Exercise directions: Nothing but the text should be carried over: reproduce all the data exactly and leave out every image.

Exercise data:
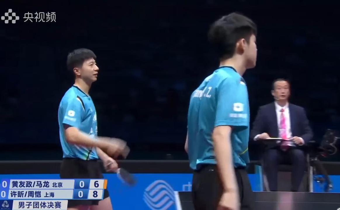 突发!上海队请求鹰眼了! 男团决赛开局就是王炸, 两队两大开局, 马龙爆冲许昕, 北京队6:2领先 随后周恺爆冲黄友政, 8:6反超, 此时一个擦边, 两队都认为自己赢了, 裁判判给北京队, 上海队请求了鹰眼, 结果挑战成功, 上海队赢了, 但是上海队火热手感没有了, 许昕连续失误, 北京队11:7赢了
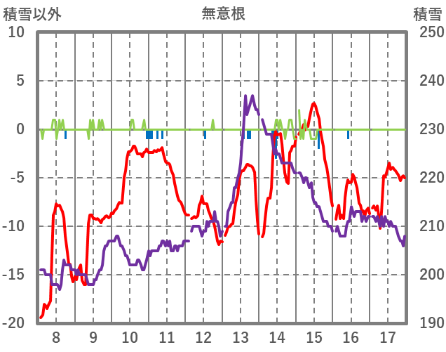 | 日 | 時 | 気温 | 降水 | 風向/風速 | 日照 | 積雪 | 降雪 |
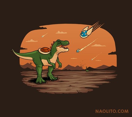 This is how the dinosaurs became extinct. A lot of Blue Shells fell from the sky, devastating all of them. Poor Yoshi...
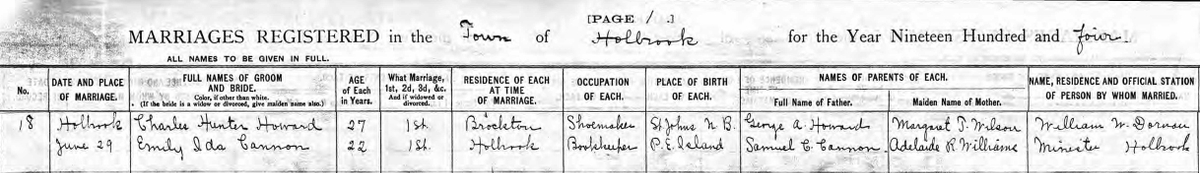 - [S9620] Charles Hunter Howard & Emily Ida Cannon, (29 June 1904), Massachusetts Marriage Records, 1840-1915, original data: Massachusetts Vital Records, 1911-1915. New England Historic Genealogical Society. Hereinafter cited as Massachusetts Marriage Records.
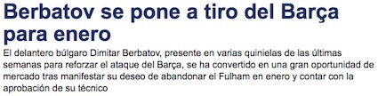 Междувременно в Каталуня отново заговориха за възможността Димитър да премине в Барселона през януари. Повод за слуховете са информациите в Англия, че "деветката" иска да напусне "Крейвън Котидж". Според вестник "Спорт" Бербатов е план "Б" за "блаугранас", като първи в списъка са Робин ван Перси и Серхио Агуеро.

Exercise answer:
 突发!上海队请求鹰眼了! 男团决赛开局就是王炸, 两队两大开局, 马龙爆冲许昕, 北京队6:2领先 随后周恺爆冲黄友政, 8:6反超, 此时一个擦边, 两队都认为自己赢了, 裁判判给北京队, 上海队请求了鹰眼, 结果挑战成功, 上海队赢了, 但是上海队火热手感没有了, 许昕连续失误, 北京队11:7赢了
 | 日 | 時 | 気温 | 降水 | 風向/風速 | 日照 | 積雪 | 降雪 |
 This is how the dinosaurs became extinct. A lot of Blue Shells fell from the sky, devastating all of them. Poor Yoshi...
 - [S9620] Charles Hunter Howard & Emily Ida Cannon, (29 June 1904), Massachusetts Marriage Records, 1840-1915, original data: Massachusetts Vital Records, 1911-1915. New England Historic Genealogical Society. Hereinafter cited as Massachusetts Marriage Records.
 Междувременно в Каталуня отново заговориха за възможността Димитър да премине в Барселона през януари. Повод за слуховете са информациите в Англия, че "деветката" иска да напусне "Крейвън Котидж". Според вестник "Спорт" Бербатов е план "Б" за "блаугранас", като първи в списъка са Робин ван Перси и Серхио Агуеро.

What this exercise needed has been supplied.